Tuesday, February 15, 2011

Cedar Rapids (2011)

Director Miguel Arteta has a knack for capturing the endearing eccentricities of Middle America. You can see it in his television work, in shows like Freaks and Geeks and The Office. But it’s even more evident in his film career, where the likes of Chuck and Buck, The Good Girl and Youth in Revolt bolster his resume. Whereas the majority of pop culture tends to focus on the accessibility of city life and suburban dreams, Arteta’s work mines the people, stories and towns that slip through the cracks. There’s something honest and sort of charming in that choice… something peculiar and engaging.

Working from a neat little gem of a script by up-and-comer Phil Johnston, Arteta mines comedic gold in Cedar Rapids. The story is that of Tim Lippe (The Office’s Ed Helms), a na├»ve 40-year-old virgin type leaving his little town for quite possibly the first time. He’s an insurance salesman, and he’s being called up to the big leagues in Cedar Rapids, Iowa, where he’ll represent his company at an annual insurance convention. His boss (Stephen Root, flipping back to his News Radio heyday) wants Lippe to win the 4 Star award, which his company has won four years straight. He needs to focus and make the biggest sale of his life, but in order to do that he’ll have to stay clear of Dean Ziegler (John C. Reilly) and his merry band of convention miscreants. Which might be kind of hard, since Lippe’s gonna be sharing a room with the guy.

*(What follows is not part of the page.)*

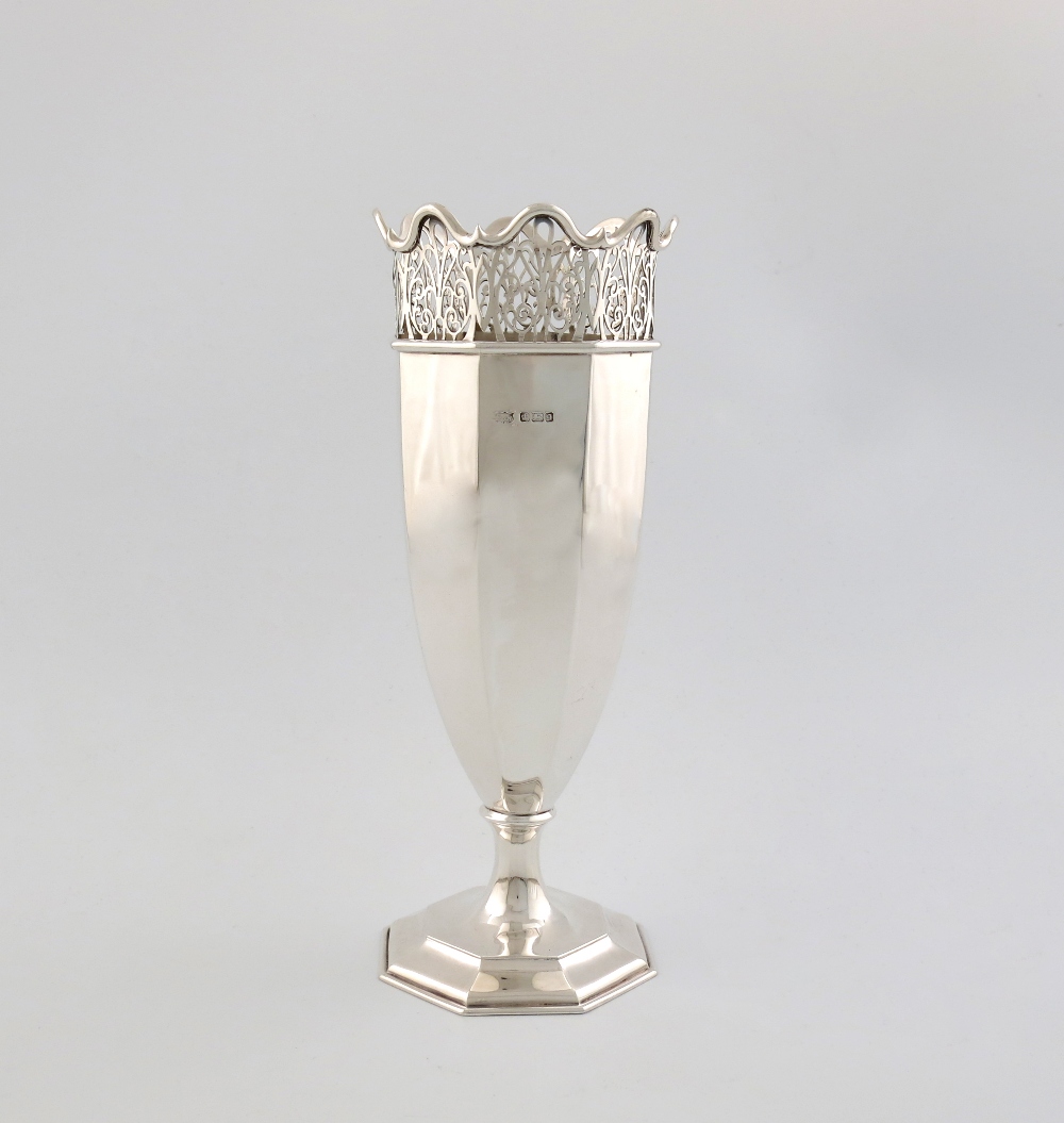 tapering octagonal form, pierced foliate frieze, on a raised octagonal base, height 26cm, approx. weight 13.5oz.

Rapids is a coming of age story of sorts, a tale of one sheltered man opening his eyes to the wondrous potential of life… which here means sex, drugs, bribes, marital affairs and corporate scandal. Helms takes it all in with pensive curiosity, a tourist led through a human safari by a foul-mouthed, uncensored hyena. Along the way he meets Joan (Anne Heche), a mother of two who treats the annual Rapids trip like her own personal Vegas. And he befriends Ronald, a polite black man who does a pretty convincing Omar from the HBO program The Wire (played, ironically, by The Wire’s Isiah Whitlock Jr.).

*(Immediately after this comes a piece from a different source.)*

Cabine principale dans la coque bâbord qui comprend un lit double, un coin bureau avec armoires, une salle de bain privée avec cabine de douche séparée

Arteta’s film may be distinctly small town, but it isn’t always courteous. It derives the bulk of its comedy from Lippe’s exposure to the obscene, and thus establishes itself as a more daring brand of comedy than its candy coated mainstream brethren. And yet it remains sweet and erstwhile, generating a surprisingly consistent cocktail of the hilarious and the humane.

Credit much of that to Johnston, whose script stays incredibly loyal to its characters and sensibilities. You can spot the peaks and valleys in its "live and learn" structure from afar, but only up close can you appreciate the dexterity of its landscape – in Rapids, as in all good stories, the appeal is in the details.

And it’s delivered to us via standout performances. Helms brings an authenticity to his babe in the woods role, playing Lippe as a less moronic manchild than we’ve recently grown accustom to. And the rest of the cast (including Kurtwood Smith, Alia Shawkat, Rob Corddry and Sigourney Weaver) feel right at home in his world. But it’s Reilly who delivers the most memorable performance, finding a middle ground between loud-mouth irritant and reliable companion that is not easily attained. Had Seth Rogen found such a performance in The Green Hornet, his film would have been much more successful.

Together with Johnston and Arteta they’ve created a uniquely funny comedy experience, and one of the few sure bets in our very young year.